We followed the recommendation of performing total kidney nephrectomy at the time of ESKD in patients with DDS to avoid Wilms’ tumour development, particularly in patients who would receive immunosuppression. Therefore kidney transplantation should be delayed until nephrectomy [9, 13] and it has been recommended that children with Wilms’ tumour have a 1- to 2-year period free of chemotherapy before transplantation [6].

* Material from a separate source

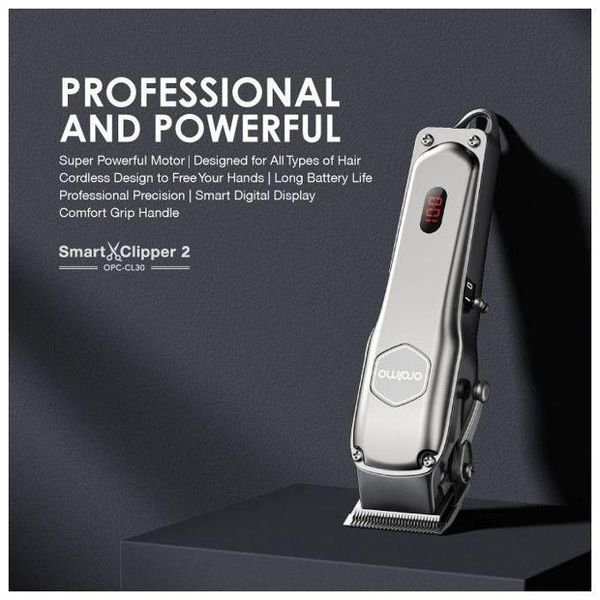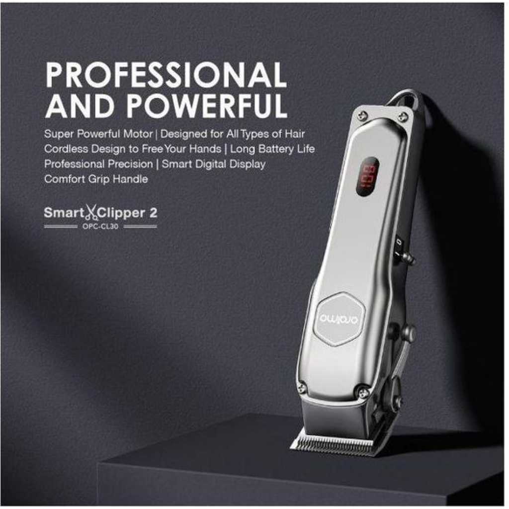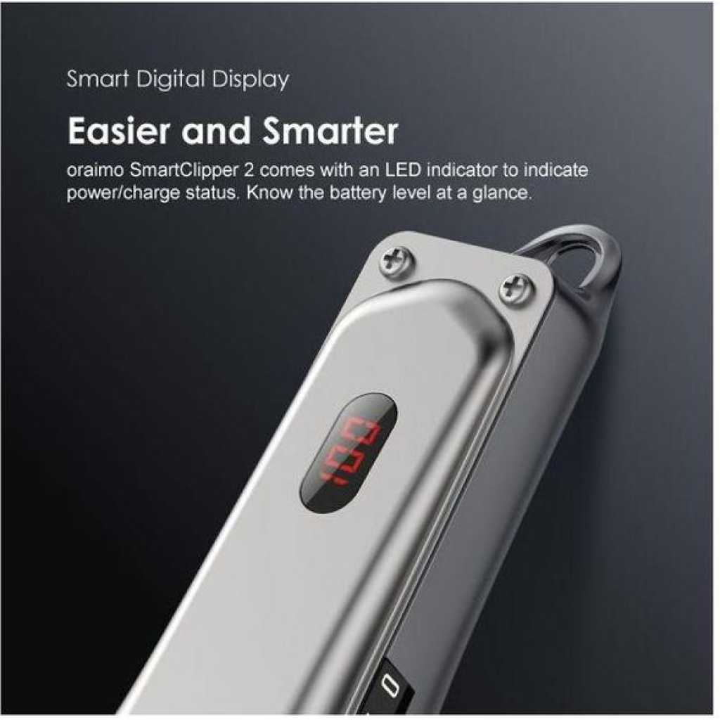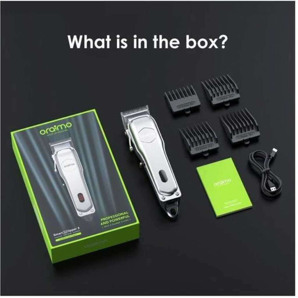 Size: 195*54*42.5mm Product Material: ABS+PC Rated Voltage: 5V Rated Power: 5W Blade Material:Stainless Steel Charging Time: 3 hour Full Working time: Up to 2.5 hours Model:OPC-CL30 Product Features: Super Powerful Motor – One is Enough Equipped with the strong vibrating electromagnetic motor, this clipper has a extra powerful blade speed. Also, this motor is energy efficient which is an added advantage. Long Working Time- No Battery Anxiety 2000mAh battery with 150 min runtime. Don’t ever have to worry about running out of frequently. High-precision Blades and 4 Guided Combs- Designed for All Types of Hair With its high precision blades and different guided combs, this clipper is the ideal choice and works great on all hair types.The taper lever on the clipper allows you to change the closeness of your cut between guide comb lengths. This is particularly useful for fading and blending as you can be more precise with your cutting lengths. Smart Digital Display- Easier and Smarter oraimo SmartClipper 2 comes with an LED indicator to indicate power/charge. Know the battery level at a glance. * What is in the box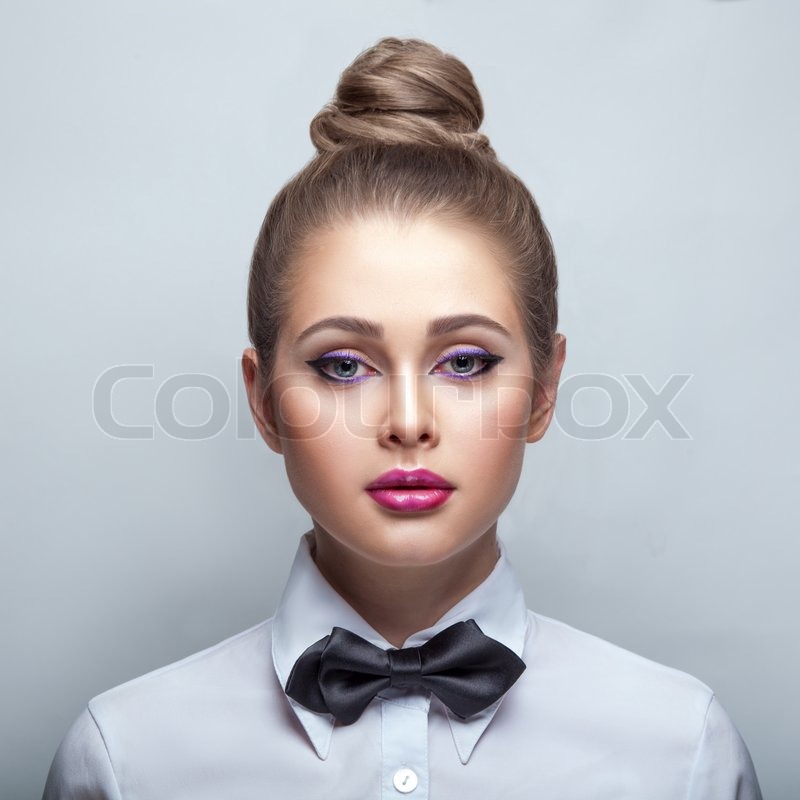 Modische Junge Leeren Ausdruck Lockiges Haar Weisses Hemd Fliege Etwas Lustig Lizenzfreie Fotos Bilder Und Stock Fotografie Image

The incidence of gonadoblastoma in DDS patients is 4% [14], which is considerably lower than that of Frasier syndrome (37–46%) [9]. However, any patient with dysgenetic gonads carrying the Y chromosome has an increased risk of developing germ cell tumours such as gonadoblastoma [13]. As recommended, karyotype analysis and a biopsy were performed to determinate the best therapeutic approach for each case. Prophylactic gonadectomy needs to be considered in patients with complete XY gonadal dysgenesis or partial non-scrotal dysgenetic gonads that cannot be repositioned [13]. None of our patients suffered gonadoblastoma.
In conclusion, identifying DDS is crucial for early diagnosis and proper follow-up. All children presenting with nephrotic syndrome during the first year of life and those with SRNS with either Wilms’ tumour or genital abnormalities should be screened for mutations in WT1. Therapeutic approaches and the monitoring of Wilms’ tumour and gonadoblastoma need to be considered on an individual basis.
CONFLICT OF INTEREST STATEMENT
Dr. Ariceta reports personal fees from Alexion Pharmaceuticals, personal fees from Orphan Europe, personal fees from Chiesi, personal fees from Kyowa Kirim, outside the submitted work. The other authors declared no conflict of interest.